Today, June 23, we will hear the Croatian side.


This was before!






















For the history buffs (who will surely find reasons to correct the following) --
Yugoslavia was born at the end of WW2 as the merging of 6 nations.  


  • Each nation/region had a president, with Tito rising as the first above equals.  We've heard the Orwell quote quite often:  "All animals are equal, but some are more equal than others."
  • Then came the break-up.  Lots of claiming and reclaiming territories.  "this really belonged to us and we're taking it back."
  • Ethnic relocation is a euphemism for genocide.
  • Each of our staff on board our ship is very polite and circumspect in their comments and speak generously and forgivingly about others.  
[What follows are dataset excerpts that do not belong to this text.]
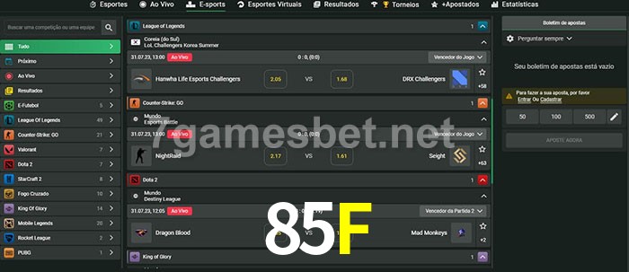 O 85F oferece uma grande seleção de opções de apostas em e-sports com probabilidades competitivas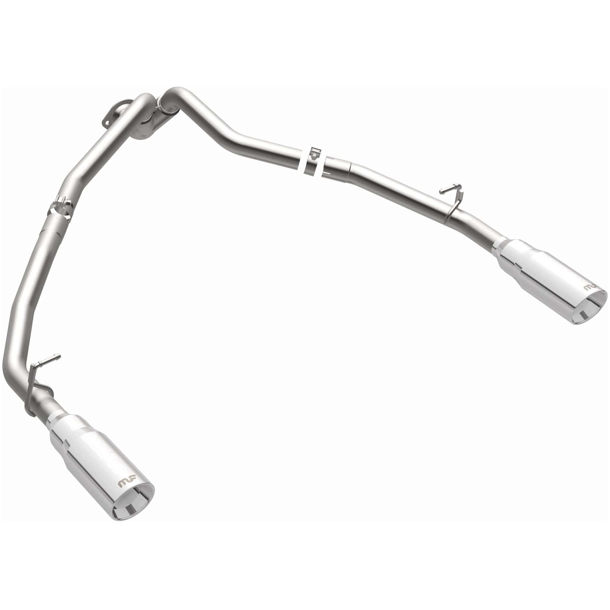 The dual split rear exit design not only provides an aggressive, refined look but also aids in balanced exhaust flow and sound dispersion. Polished welded-on double wall tips with rolled edges add a premium finish that resists discoloration and maintains a showroom shine over time.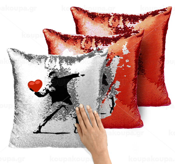 Banksy (The heart thrower), Μαξιλάρι καναπέ Μαγικό Κόκκινο με πούλιες 40x40cm περιέχεται το γέμισμα
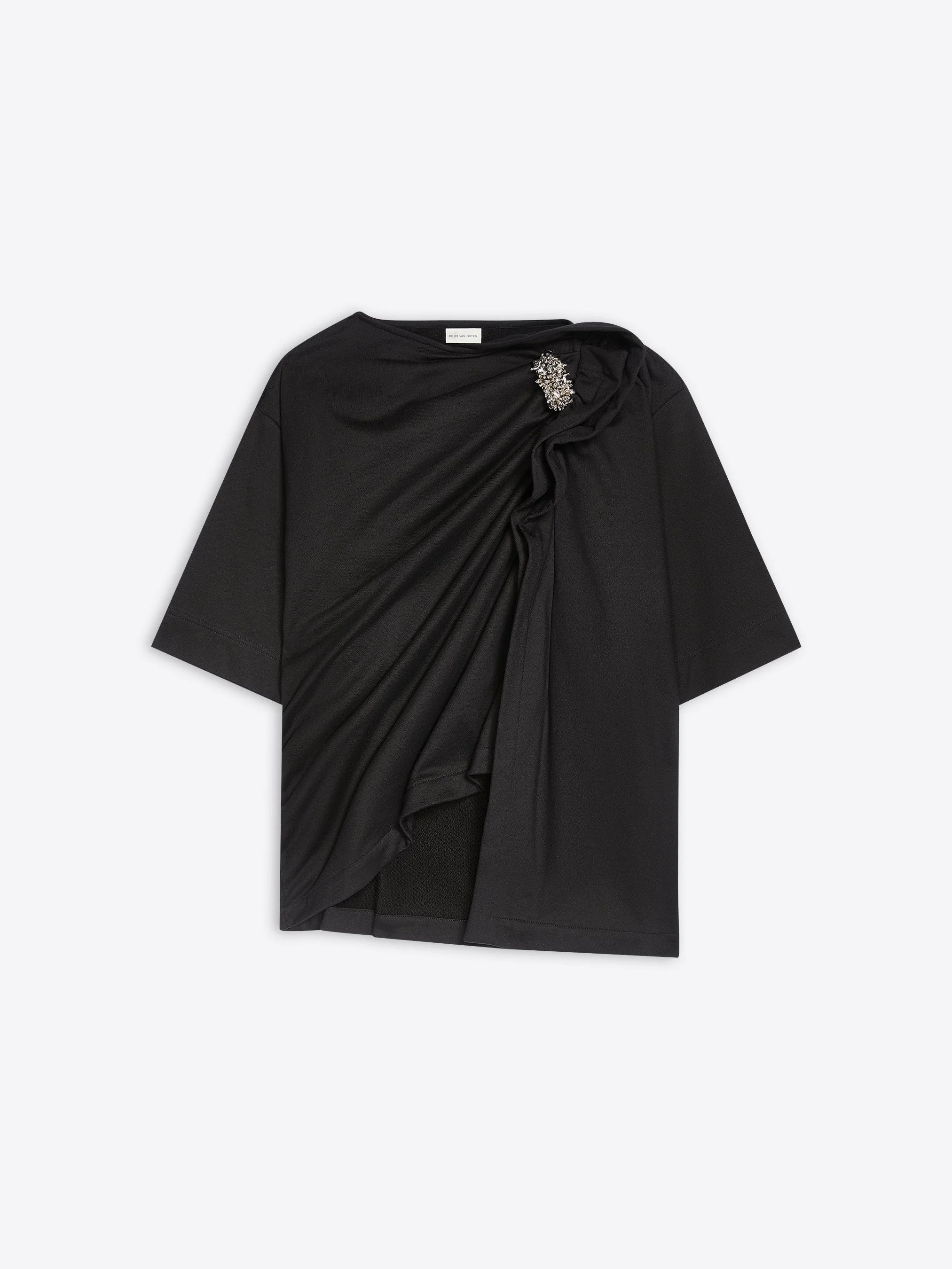 Oversized short-sleeved T-shirt in cotton, with draping and brooch embellishment. DETAILS - 100% Cotton. - Brooch embellishment. - Oversized fit. Short sleeves. Crew neck. - Ref: 252-011135-2611 SIZE AND FIT Model is 178 cm / 70 inches and wears size M.

Bottom line:  this area is about ethnic racism and territorial ownership.  These attitudes have prevailed for centuries.  These attitudes have acted out in genocides beyond the realm of even Messers Hitler and Stalin.  These attitudes continue to be present today.


My personal opinion:  it's like the weather in Washington.  If it's not raining just wait.  If it's raining you know it.  Apply this maxim to the violence and chaos. So today this is The Balkans,i.e.. former Yugoslavia


Boiling Belgrade

 You Ain't Felt Nothing if YOU Haven't Felt the Boil in Belgrade, Serbia



On June 22, 2016 we suffer the heat.  So hot.  So humid.  We are grateful -- so grateful -- for buses with a/c and a ship that is cool and welcoming.AND we were told that the heat will get worse over the summer. Get us OUT!!

Great presentation by historian this morning on the glories of Serbia and t's leadership of the Slav countries, before departing by coach to Belgrade city and attractions. He told us that they had 20% unemployment. We visited the famous Kalemegdan fortress that is now a serene park with a viewpoint unparalleled:  from this vantage point we could see the confluence of three rivers. 





 The view also showed us visually the strategic importance of Belgrade as "the crossroads of Europe." The city is still struggling and though they have great plans, they don't have a strong enough economy to pull it off. And no such thing as traffic control!




a bombed out building waiting for repairs


bullet holes all along the wall


traffic nightmare

Back on the bus to see the Church of St. Sava.  Magnificent in Byzantine style, tho church is still under construction after more than 100 years.  Funds to build the church come from Serbs all over the globe.  The church's exterior is complete -- marble facade, bell towers, a dome. 




 Inside the columns are wrapped in heavy plastic, the center of the floor is incomplete, and looking up into the dome we could see the equivalent of construction scaffolding.  "Should be finished in another 20-25 years," said the guide.

One more bus ride to Tito memorial.  This is a grand park with many pieces of sculpture, most given as gifts to Josef Tito Broz, president of 6 countries brought together as Yugoslavia at the end of WWII.  THe memorial building is well-maintained but other areas are in sore need of some love and attention.










One of many statues of Tito

And finally a bus return to the ship, that cool haven that offers a cold beer, a fresh salad, and a nap.

For dinner we went to the Royal Palace for a marvelous tour and to have a surprise greeting with Prince Alexander and Princess Katherine. They spoke with us for over 10 minutes explaining that they live in the Palace but that the Palace is owned by the Serbian Government.   




And their modest home.
For those curious about the Royals click here.

Later we learned that ours was the first tour group they had personally greeted.  One of our group, a retired physician, had treated a first cousin of the Prince (while in Greece.)  The two men had an extended chat.




The pool house.




Palace dining room.  The Royals live on
floors 2 and 3 (to which we were not invited.)



Basement -- including large theater with 6 seats
(one for each regional president, Slovenia, Croatia, etc.)
and one extra large and separate seat for Tito




The Chapel -- alternately in use as a store room

or a chapel, depending on the occupiers
and/or visitors.


We dined at another palace in the compound:  The White Palace.

Built for someone's son and family -- lost track
of the family tree at this point in the heat.

The two most gorgeous "royals" at the dinner.